Заместителем я взял себе Анищенко. Он был родом из Саратова. Высокий, плотный, плечистый, с широким лицом и темно-русыми волосами, с мягкой, неторопливой и складной речью. Командуя одной из оперативных групп на Выгоновском озере, он показал себя не только хорошим подрывником (на его счету было одиннадцать эшелонов), но и находчивым, не теряющимся ни в какой обстановке, дисциплинированным и волевым командиром. А в партизанской землянке и у партизанского костра он был неплохим рассказчиком, играл на баяне и пел саратовские частушки. Была у него также хозяйственная, организаторская жилка, что и побудило меня взять его своим заместителем. Я поручил ему техническую подготовку перехода, а сам занялся подбором людей и изучением маршрута.

Только два дня, да и то неполных, пробыл я на Центральной базе, даже не отдохнул как следует, но задерживаться дольше не хотел и не мог, чувствуя, что каждый день промедления — потеря для нашей борьбы. Я уже заразился мыслью об Украине. Григорий Матвеевич прав: мое место сейчас там.

Наш отряд небольшой — всего около сотни человек. Мы понесем больше двухсот килограммов толу, чтобы громить фашистов. За нами придут другие, московские самолеты сбросят оружие и взрывчатку. А там, на Украине, — миллионы свободолюбивых людей, ненавидящих оккупантов. Небольшая группа, мы сумеем найти опору во всем населении захваченных немцами областей, как находили ее и в Белоруссии…

…Часа в четыре группа построилась, готовая к выступлению. Обращаясь к нам с напутственным словом, Батя волновался, а прощаясь со мной, не мог удержать слез. Мы опять расставались и опять надолго. Если я даже и сумею побывать на Центральной базе, то его на ней уже не будет: он улетает в Москву.

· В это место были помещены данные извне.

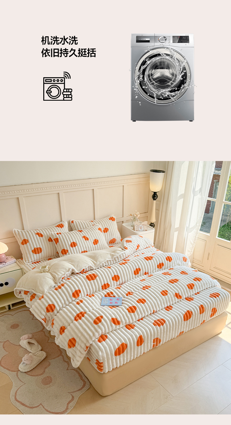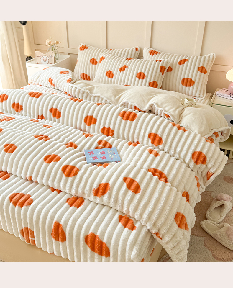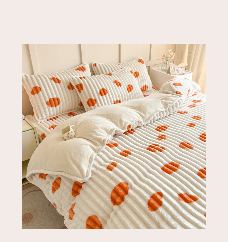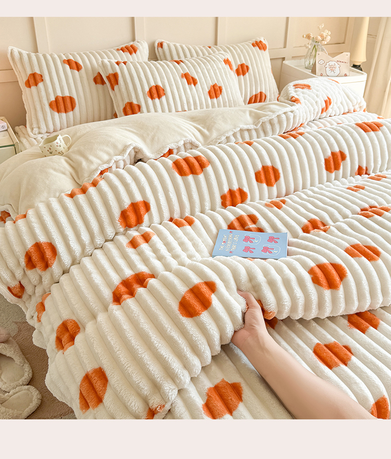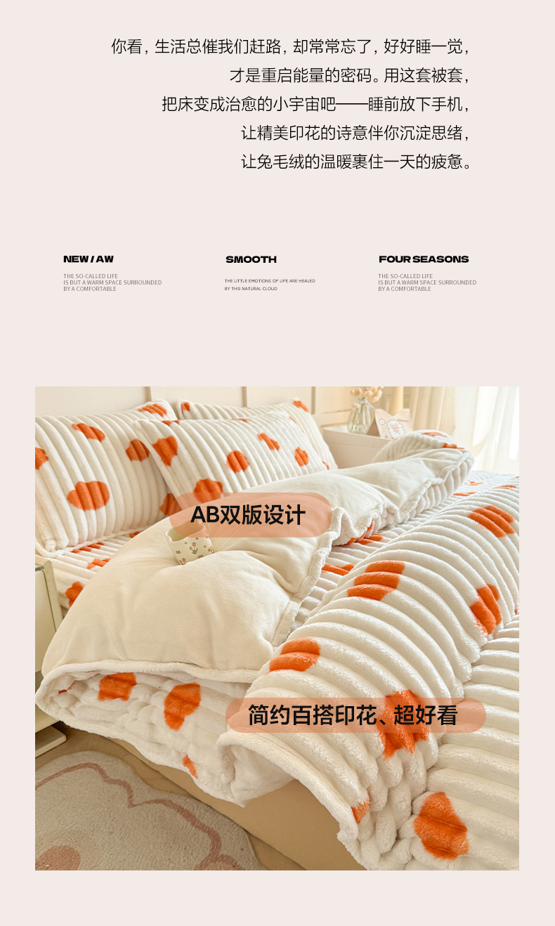 商品名称:眠势力 2025新款兔兔绒抽条印花被套兔毛绒加厚保暖被罩 暖阳

Трогательно было прощание и с остальными нашими друзьями. Мы не могли взять с собой Велько: он необходим был здесь как человек, великолепно знающий Полесье. Теперь он жал нам руки со слезами на глазах. Плакала и Лиза: она тоже не могла идти, лапти не помогли ей, ноги у нее были растерты. И даже Тамуров приуныл. Старался приободриться, пошутить, но шутки не удавались.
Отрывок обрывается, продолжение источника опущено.